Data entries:
▼

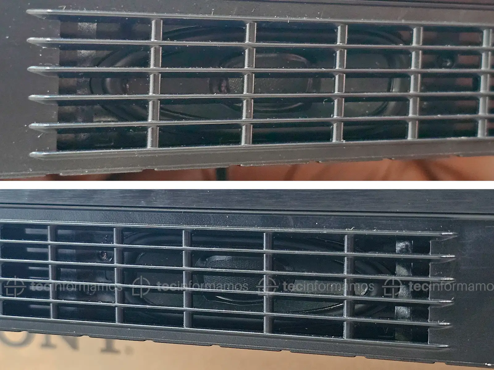 Los 2 altavoces de tipo Bass Reflex están ubicados en la parte inferior del TV, mientras que los otros 2 altavoces (tweeters) se encuentran ubicados en la parte superior trasera del TV (uno a la derecha y otro a la izquierda).
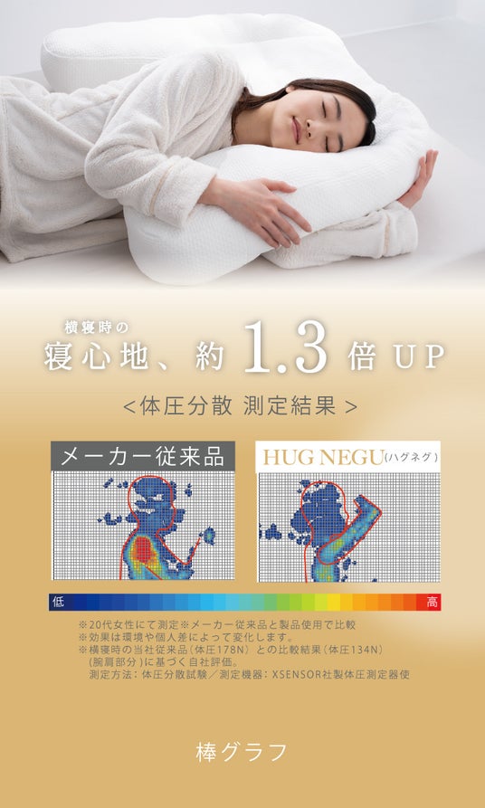 二階建て構造という下層部に空間を作ることで、横寝姿勢の腕や肩にかかる負担を軽減します。
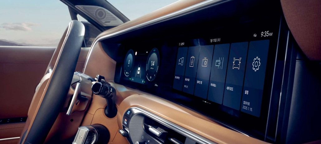 개인적으로는 맘에 드는 실내인데요. 커브드디스플레이가 이제까지는 데쉬보드 위로 올라오는 모양이었지만 펠리세이드는 데쉬보다 안쪽에 넣어서 한층 고급스러운 분위기를 보여줍니다.
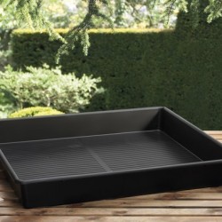 VANWEGE DE GROOTTE VERZENDEN WE DEZE BAK NIET: AFHALEN DUS! Handige, waterdichte bak om zaaibakjes of potjes op te zetten. Ideaal voor gebruik bij plantenopkweek als een extra waterbuffer vereist is, of als morsen met water niet handig is. (lxbxd) 100x100x12 cm, inhoud: 100 liter. Zwart onbreekbaar kunststof.
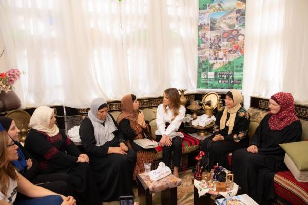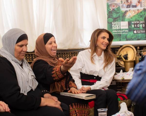 وتبادلت جلالتها الحديث مع مجموعة سيدات ممن يعملن الى جانب ام محمد، حول مشاريعهن المدرة للدخل وأثرها على وضعهن الاقتصادي والاجتماعي.
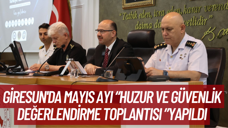 Giresun Valisi Mehmet Fatih Serdengeçti, Mayıs ayı huzur ve güvenlik değerlendirme toplantısında yaptığı açıklamada, tüm kolluk kuvvetleriyle birlikte hemşerilerinin huzur ve güvenliğini sağlamaya yönelik çalışmaların kararlılıkla sürdürüldüğünü vurguladı.

▲

Assignment:
When copying, output the data exactly and leave out the pictures.

Finished task:
 Los 2 altavoces de tipo Bass Reflex están ubicados en la parte inferior del TV, mientras que los otros 2 altavoces (tweeters) se encuentran ubicados en la parte superior trasera del TV (uno a la derecha y otro a la izquierda).
 二階建て構造という下層部に空間を作ることで、横寝姿勢の腕や肩にかかる負担を軽減します。
 개인적으로는 맘에 드는 실내인데요. 커브드디스플레이가 이제까지는 데쉬보드 위로 올라오는 모양이었지만 펠리세이드는 데쉬보다 안쪽에 넣어서 한층 고급스러운 분위기를 보여줍니다.
 VANWEGE DE GROOTTE VERZENDEN WE DEZE BAK NIET: AFHALEN DUS! Handige, waterdichte bak om zaaibakjes of potjes op te zetten. Ideaal voor gebruik bij plantenopkweek als een extra waterbuffer vereist is, of als morsen met water niet handig is. (lxbxd) 100x100x12 cm, inhoud: 100 liter. Zwart onbreekbaar kunststof.
 وتبادلت جلالتها الحديث مع مجموعة سيدات ممن يعملن الى جانب ام محمد، حول مشاريعهن المدرة للدخل وأثرها على وضعهن الاقتصادي والاجتماعي.
 Giresun Valisi Mehmet Fatih Serdengeçti, Mayıs ayı huzur ve güvenlik değerlendirme toplantısında yaptığı açıklamada, tüm kolluk kuvvetleriyle birlikte hemşerilerinin huzur ve güvenliğini sağlamaya yönelik çalışmaların kararlılıkla sürdürüldüğünü vurguladı.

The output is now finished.